Kapu, kanser hastalığına yönelik radyoterapi, kemoterapi yahut immünoterapi üzere tedaviler alan hastalarda kemik iliklerinde üretilen bağışıklık hücrelerinin sayısında azalma kelam konusu olduğuna işaret ederek, “Fakat bu katiyetle kemoterapi üzere kanser tedavilerinin bu süreçte alınmaması gerektiği halinde anlaşılmamalı. İmmün sistemi direkt etkileyen akciğer kanseri, multipl myelom, lenfoma ve lösemi üzere hastalıklar çok daha yüksek risk oluştursa da kanser hastalığının kendisine ek olarak tedavinin kelam konusu tesirleri de eklendiğinde tüm kanser olguları savunma sistemini etkiliyor” değerlendirmesinde bulundu.
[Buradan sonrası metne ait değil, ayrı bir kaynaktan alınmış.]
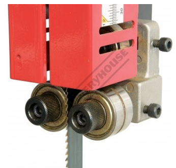
Ball Bearing Blade Guides
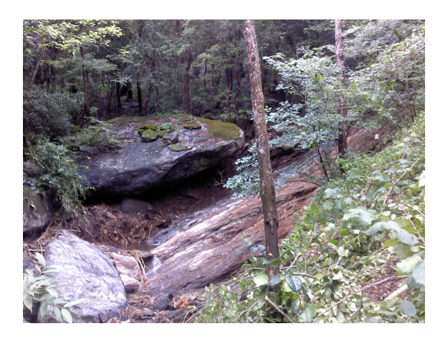
Figure 5: Initiation point of erosion.
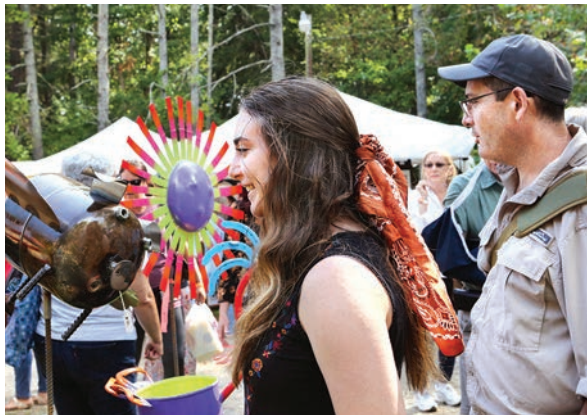
Fall Festival goers enjoy shopping
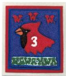
3B Nawakwa YC1
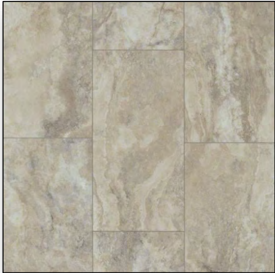
TILE (FAUX) FLOORTE URBAN ORGANICS Pebble *Waterproof*
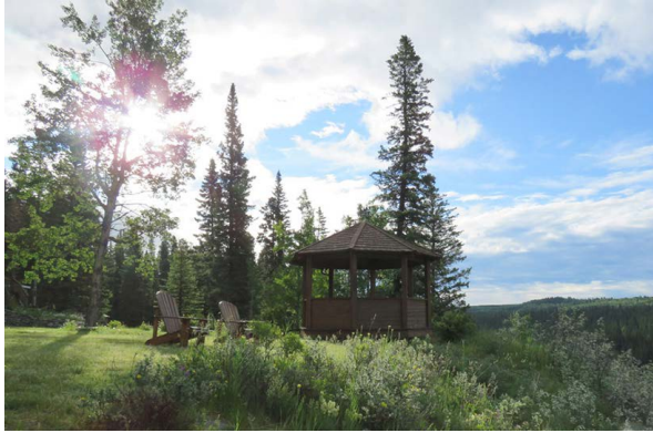
(King's Fold's Gazebo in the Morning)

Location: about a one hour drive from Calgary, Alberta, 35 kilometers northwest of Cochrane.

Göğüs kanseri hastalarının da tıpkı öbür kanser hastaları üzere Covid-19 açısından öncelikli risk kümesinde yer aldığına dikkati çeken Kapu, “Meme kanserinin haricinde akut yahut kronik farklı hastalıkları bulunan hastaların bunlar açısından da risk altında olduklarını bilmeleri, sıhhat denetimlerini ihmal etmemeleri ve tabiplerin tavsiyelerine ahenk sağlamaları gerekiyor” sözlerini kullandı.
Kapu, “Yüksek risk kümesinde yer alan göğüs kanseri hastalarında ağır bakım ünitesine alınma, teneffüs aygıtına bağlanma, önemli semptom geliştirme üzere risklerde ve Covid-19 enfeksiyonu nedeniyle vefat oranında değerli bir artışın kelam konusu olduğu bilimsel çalışmalarda gösteriliyor.” yorumunda bulundu.
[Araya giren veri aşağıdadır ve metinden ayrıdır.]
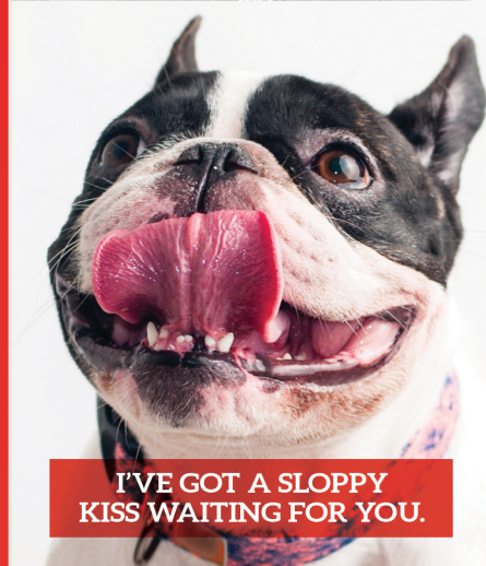
I'VE GOT A SLOPPY KISS WAITING FOR YOU.
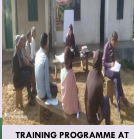
15<sup>th</sup> Dec. 2020 and Collected data based on the CNRM template, drawing of the resource & social map and preparation of the seasonal calendar & vision map. For more information contact Wilhelmos Shyllo
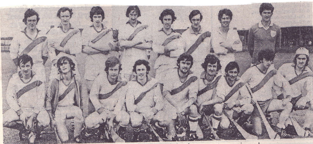
Bruree (above) who drew with Bruff (below) in the county senior champ
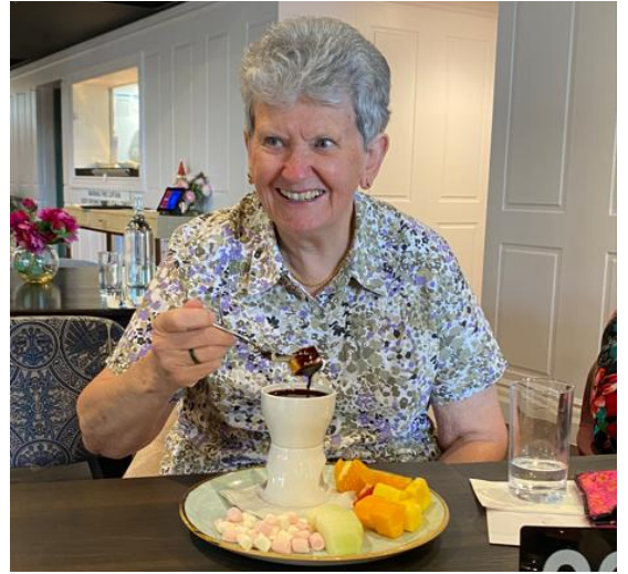
Chocolate fondue – truly decadent!
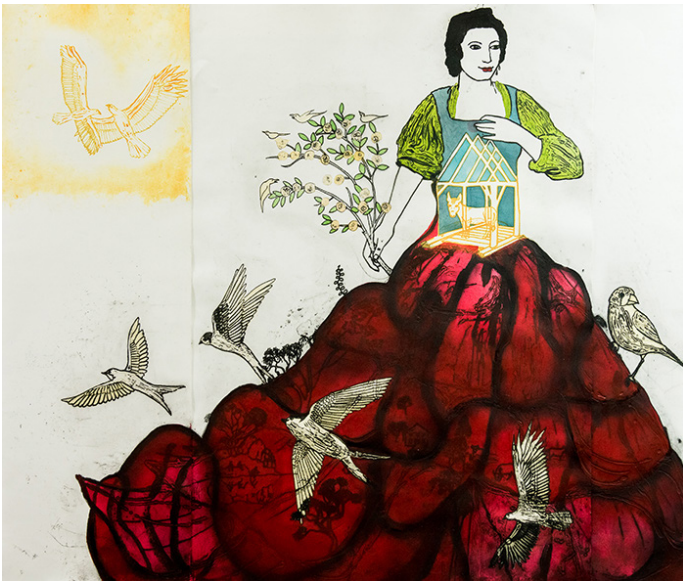
why ask the donkey 2017 — first exhibited 2010 hand coloured drypoint unique state 125 x 144 cm framed $3200
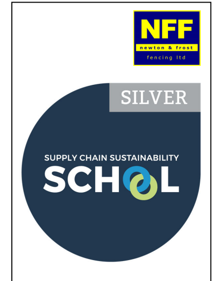
Supply Chain Sustainability School
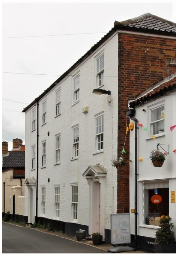
Nos.11 & 13 Pinkneys Lane

tile roof. Probably mid nineteenth century. Four light sash window to first floor. Pre 1949 shop window opening to the ground floor (shown on a National Monuments Record air photo of that year (EAW024298)). Partially glazed late twentieth century door. Later twentieth century single-storey flat roofed retail addition of unsympathetic design.
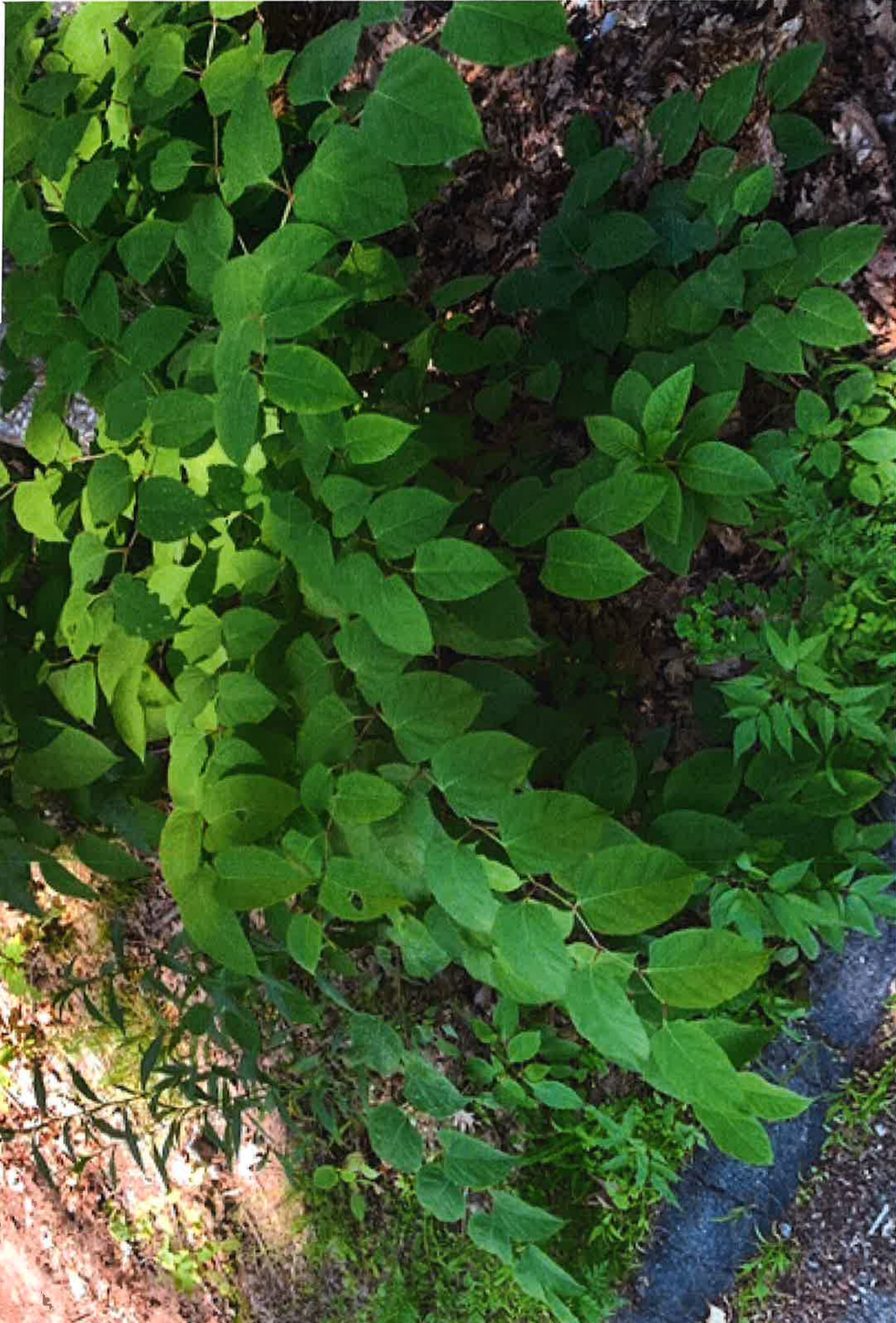
Area Around Access Drive Catch Basin
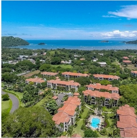
Walk to the beach!
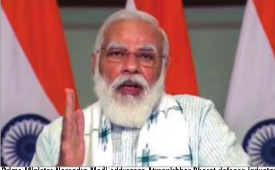
Prime Minister Narendra Modi addresses Atmanirbhar Bharat defence industry outreach webinar via video conference, in New Delhi, on Thursday

Addressing the Defence Industry Outreach Webinar organised by Federation of Indian Chambers of Commerce and Industry (FICCI) and Defence Ministry, he said self-confidence in the defence sector is very important for making an Atmanirbhar Bharat (self-reliant India). Defence Minister Rajnath Singh and Chief of Defence Staff (CDS) General Bipin Rawat also took part in the event. The Prime Minister said that the size of procurement orders from the domestic industry is going to increase in the coming days. "For many years, India
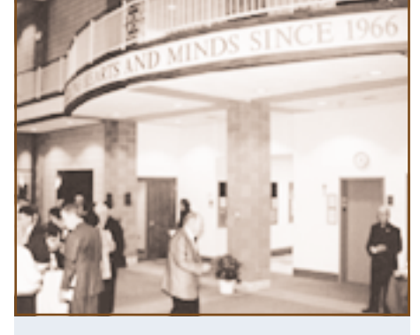
Vincent Hall Atrium, Holy Cross College

more than kept tempo with the maturation of the campus flora. Like those first shoots and saplings — now well-rooted, sturdy flora of flourishing shrubs and shade trees — Holy Cross College continues to develop with the exuberant hope and
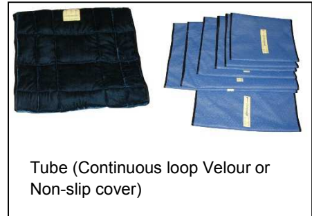
Tube (Continuous loop Velour or Non-slip cover)

“TÜM KANSER HASTALARININ COVİD-19’DAN KORUNMA KONUSUNDA İKİ KAT İTİNA GÖSTERMESİ GEREKİYOR”
Göğüs kanseri hastalarının ve tüm kanser hastalarının Kovid-19’dan korunma konusunda iki kat ihtimam göstermesi gerektiğini aktaran Kapu, “Meme kanseri hastalarının pandemi müddetince şayet mümkünse kendilerini büsbütün izole etmeleri, bu mümkün değilse kalabalık ortamlardan mümkün mertebe kaçınmaları gerekir. Hastaların el hijyeni, besin hijyeni, toplumsal ara ve maske kullanımı üzere konularda da üst seviye hassasiyet göstermeleri gerekiyor. Ek olarak tabip tarafından reçetelendirilmiş olan ilaç tedavilerinin aksatılmaması da bu süreçte ekstra kıymet taşıyor.” açıklamasını yaptı.
Kapu, kanser hastalığının bedende yarattığı yıkım ve tedavilerin oluşturduğu olumsuz tesirlerin göğüs kanseri hastalarında bağışıklık sisteminin sağlıklı bireylere oranla daha zayıf olmasına neden olduğunu belirterek, şunları kaydetti:
“Bu hastalarda bağışıklık sisteminin güçlendirilmesi ismine sağlıklı ve istikrarlı beslenme epeyce değerli. Tüm besin kümelerini istikrarlı ölçüde içeren, doğal ve sağlıklı besinlerle oluşturulmuş bir beslenme planının uygulanması bağışıklık sisteminin güçlendirilmesi için büyük değer taşıyor. Bunun yanı sıra bağışıklığı olumsuz etkileyen kıymetli etkenlerden bir başkası ise gerilim. Bağışıklık sisteminin olumsuz etkilenmemesi ismine hastaların gerilimden uzak durması, hasta yakınlarının da bu bahiste gerekli hassasiyeti göstermesi gerekiyor. Bunun yanı sıra hastalar tabiplerinin verdiği tavsiyeler doğrultusunda sıhhat denetimlerini ve tedavi planlarını aksatmamaya dikkat etmeliler.”